Monitoring & Observability
This document describes the monitoring philosophy and planned observability stack for the lab network.
The focus is on actionable visibility rather than exhaustive metric collection.
Design principles: see Lab Philosophy.
Goals
Monitoring is intended to answer a small set of critical questions:
- Is the network behaving as designed?
- Are latency and loss within expected bounds?
- Are failures localized and predictable?
- Is policy enforcement still correct?
Metrics are collected to support diagnosis and confidence, not curiosity.
Philosophy
Observability is treated as a consumer of intent, not a source of truth.

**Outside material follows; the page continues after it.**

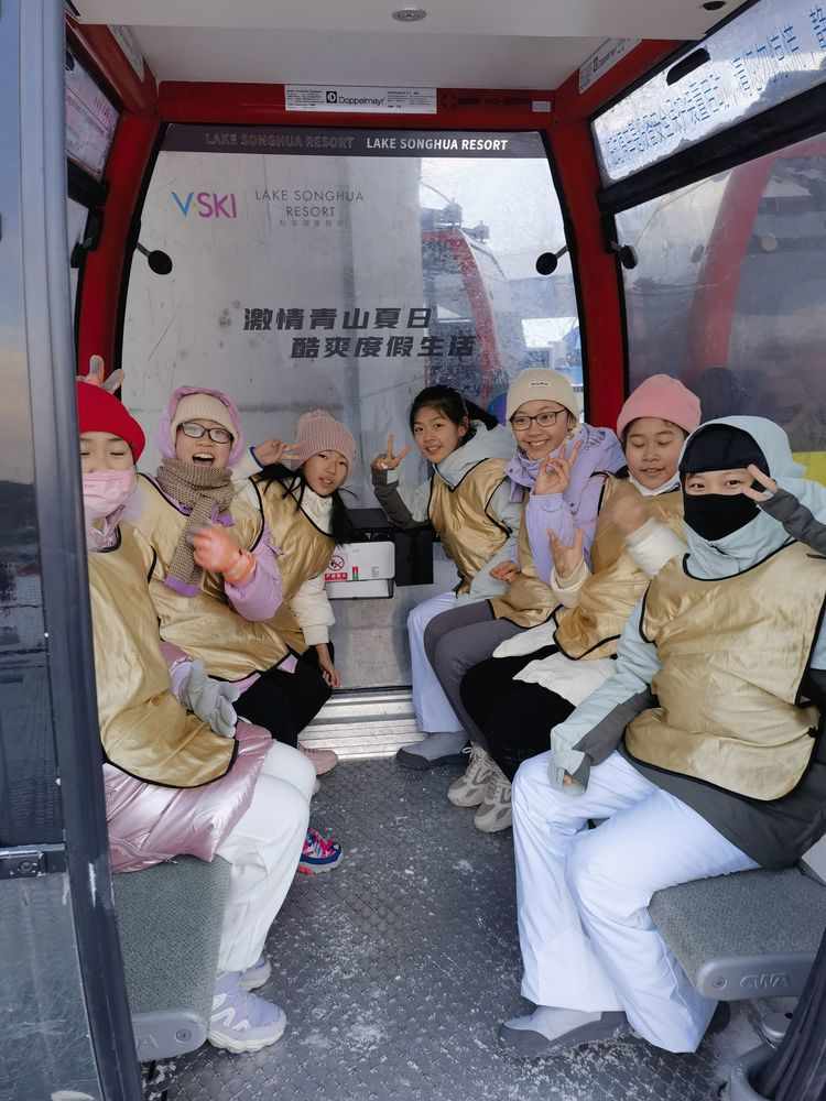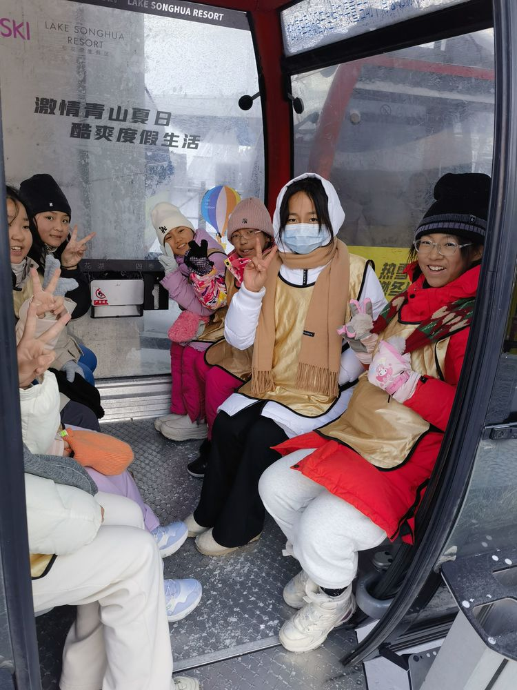 当坐在滑雪场的高空索道缆车上向下俯瞰的时候,同学们看着远处冰雪覆盖的松花江好似蜿蜒巨龙,于银白雪地里穿行,周边群山或巍峨或绵延,不由得发出阵阵赞叹。对于少年们,这是另外的一种收获,是眼界的拓宽,更是精神层面的延展。

- Documentation defines how the network should behave
- Configuration enforces that behavior
- Monitoring verifies that reality matches intent
Monitoring is not used to dynamically control the network.
Planned Visibility Areas
The following areas are considered first-class monitoring targets:
Edge & WAN
- Latency, loss, and jitter per WAN
- CAKE queue behavior and drop statistics
- Link utilization and saturation events
- WAN failover and steering decisions
Switching Fabric
- Link state and error counters
- Uplink utilization and congestion
- Hardware offload health
- VLAN propagation consistency
Wireless
- Client RSSI and SNR trends
- Roaming events and failures
- Retry rates and airtime utilization
- Per-SSID load characteristics
Policy & Enforcement
- Firewall drop counters by class
- Unexpected inter-VLAN traffic attempts
- NAT rule hit counts
- Policy routing anomalies
Tooling Direction
Specific tools are intentionally not locked in yet.
Candidates include:
- SNMP-based polling for infrastructure
- Time-series metrics for latency and throughput
- Log aggregation for firewall and control-plane events
- Visualization layers for trend analysis
Final tooling choices will follow completion of NetBox as the source of truth.
Scope Boundaries
Monitoring explicitly avoids:
- Automated remediation
- Closed-loop control systems
- Self-modifying network behavior
All network changes remain operator-driven.
Design Notes
- Visibility should reduce uncertainty, not increase noise
- Metrics must map to documented intent
- Failures should be obvious, not subtle
- Monitoring follows architecture, not the reverse
This document applies to all current and future network infrastructure unless explicitly stated otherwise.